> **SUPPLIED DATA**
-*-*-
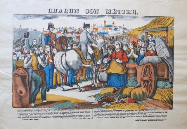 Epinal, Jean Charles Pellerin, 1850 - 1870 circa. Incisione su legno in coloritura d'epoca, cm 43 x 63 circa (il foglio). La veduta è stata incisa dal Georgin e stampata dal Pellerin, il più importante editore di Epinal, cittadina del dipartimento dei Vosgi, nella regione della Lorena. Al margine inferiore la didascalia descrittiva dell'episodio: Napoleone a Parigi, fra la folla che esulta. Piega centrale editoriale, minimi difetti marginali del foglio, peraltro in piacevole coloritura e buona conservazione.
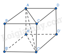 \(AC = \sqrt 2 \); CC’ = 1 => \(\tan (\overrightarrow {AC} ,\overrightarrow {AC’} ) = \tan \widehat {C’AC} = \frac{{CC’}}{{AC}} = \frac{1}{{\sqrt 2 }} \Rightarrow \widehat {C’AC} = 45^\circ \)
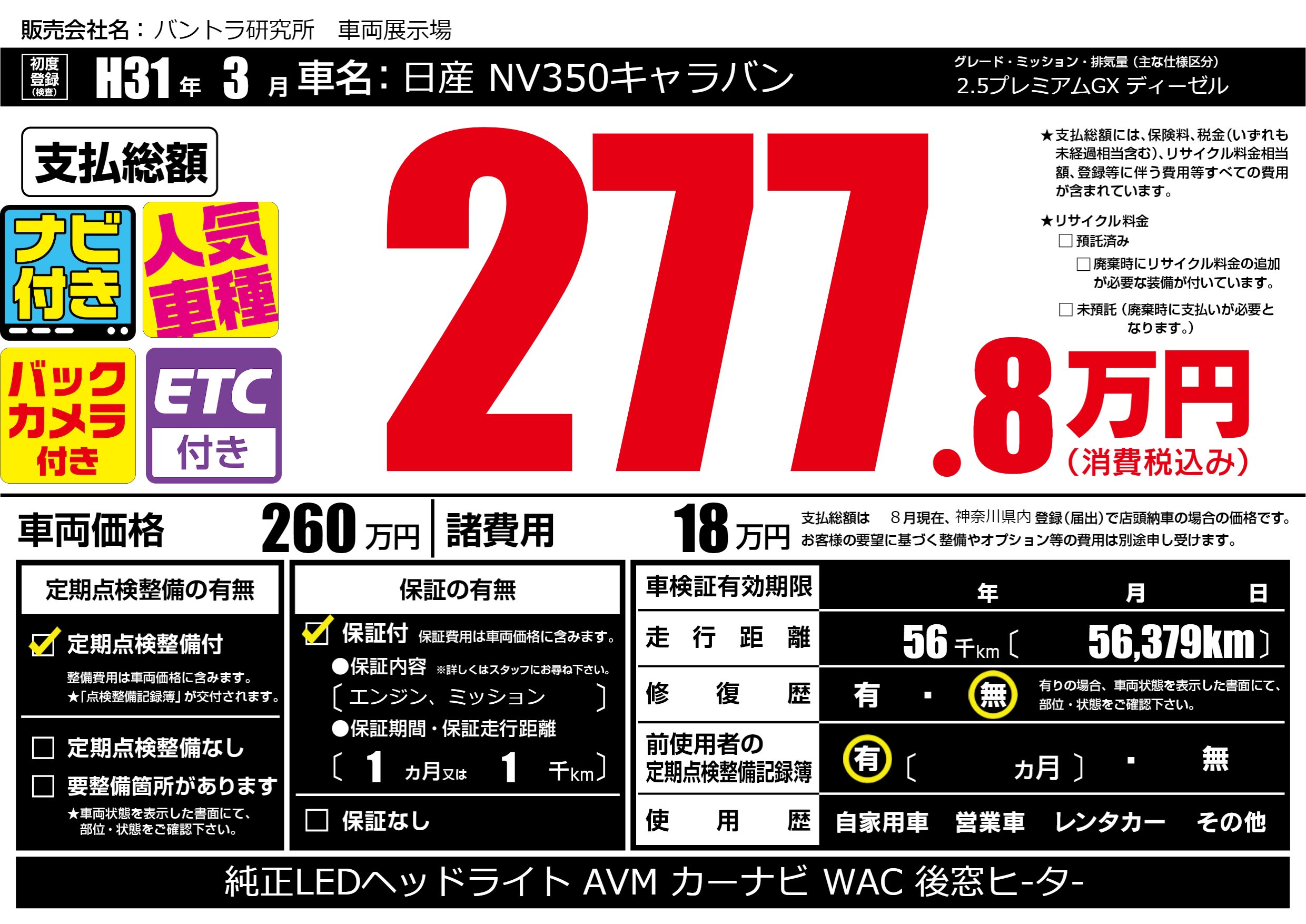 | 車名 | 日産 NV350キャラバン | グレード ミッション 排気量 |
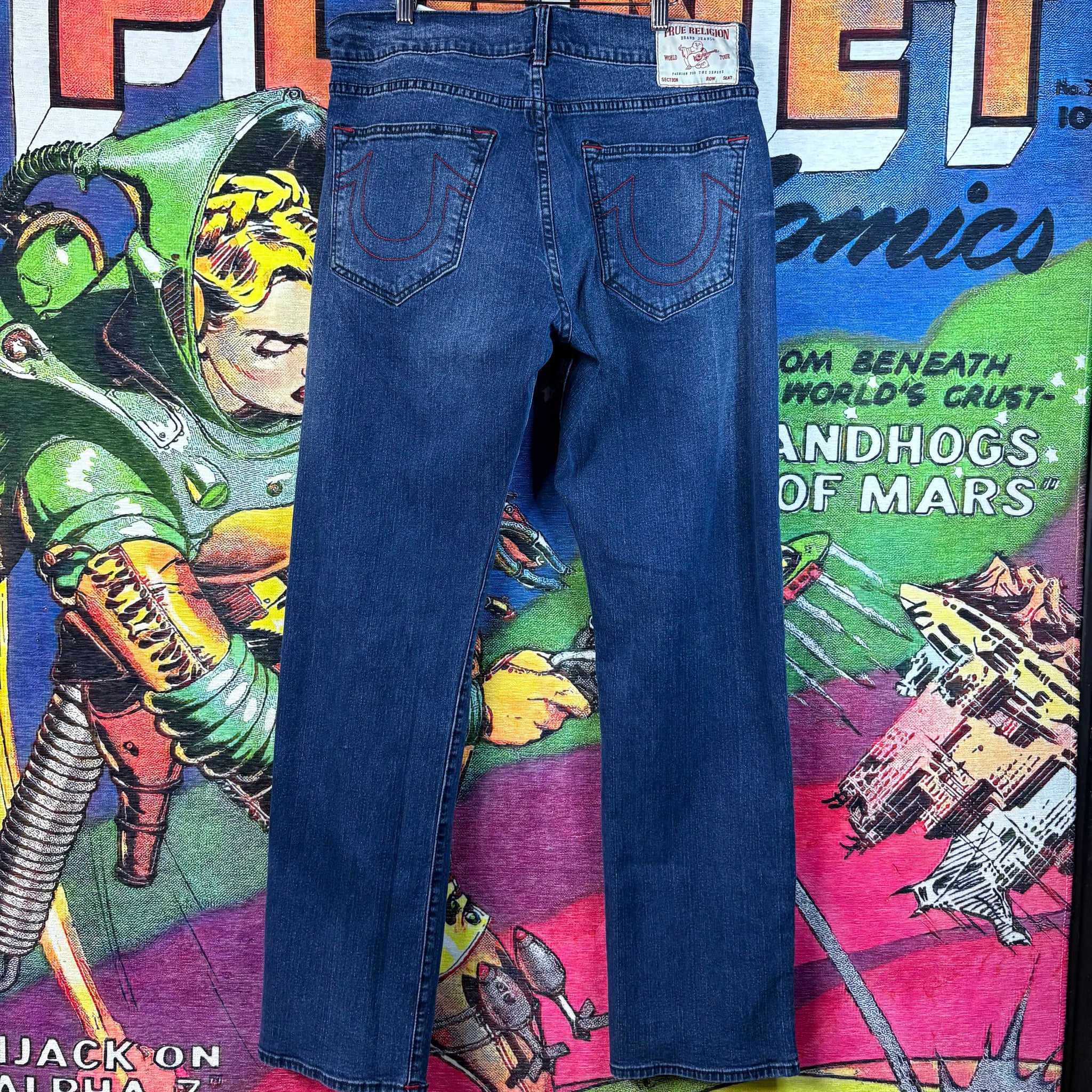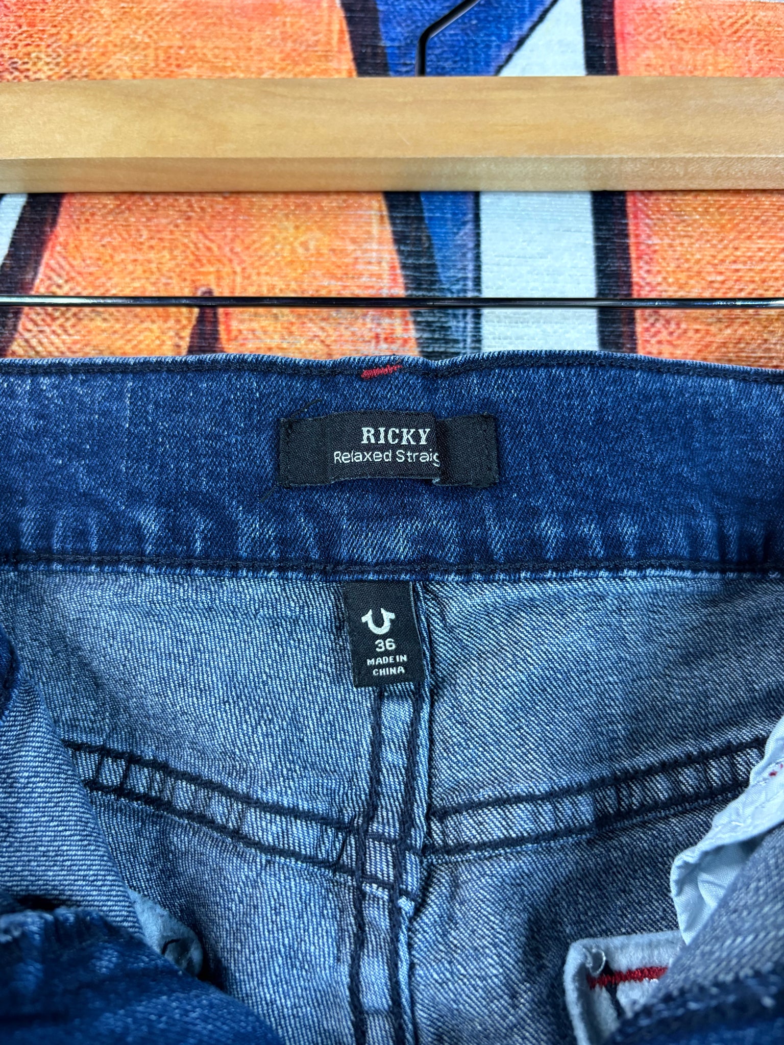 Grab these authentic True Religion "Ricky" Relaxed Straight jeans featuring a deep indigo wash and the brand's signature red horseshoe stitching on the back pockets. This iconic size 36 denim offers a comfortable, laid-back fit that perfectly channels the sought-after Y2K designer aesthetic.
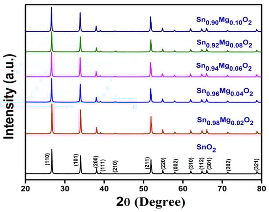 Figure 1 displays the XRD patterns of the synthesized compounds, i.e., Sn1−xMgxO2 (with x = 0, 0.02, 0.04, 0.06, 0.08, and 0.10), measured at room temperature (30 °C). According to the information on JCPDS Card No. 14-1445, both undoped SnO2 and Mg-doped SnO2 compounds exhibit a well-tetragonal rutile-type structure associated with the P42/mnm space group of SnO2. Within the range of the XRD, there was no detection of any additional diffraction peaks, which indicates that the samples are formed in a single phase, and no secondary phase is present, i.e., it does not include any crystalline parasitic phases. Moreover, it indicates that the samples are solvable up to a 10% Mg doping concentration.
-*-*-
> **TASK BRIEF**
Output exactly the lines from the one containing "ミッション 排気量 |" through the last line of the records above, both included, and leave out the pictures.

> **YOUR SOLUTION**
 | 車名 | 日産 NV350キャラバン | グレード ミッション 排気量 |
 Grab these authentic True Religion "Ricky" Relaxed Straight jeans featuring a deep indigo wash and the brand's signature red horseshoe stitching on the back pockets. This iconic size 36 denim offers a comfortable, laid-back fit that perfectly channels the sought-after Y2K designer aesthetic.
 Figure 1 displays the XRD patterns of the synthesized compounds, i.e., Sn1−xMgxO2 (with x = 0, 0.02, 0.04, 0.06, 0.08, and 0.10), measured at room temperature (30 °C). According to the information on JCPDS Card No. 14-1445, both undoped SnO2 and Mg-doped SnO2 compounds exhibit a well-tetragonal rutile-type structure associated with the P42/mnm space group of SnO2. Within the range of the XRD, there was no detection of any additional diffraction peaks, which indicates that the samples are formed in a single phase, and no secondary phase is present, i.e., it does not include any crystalline parasitic phases. Moreover, it indicates that the samples are solvable up to a 10% Mg doping concentration.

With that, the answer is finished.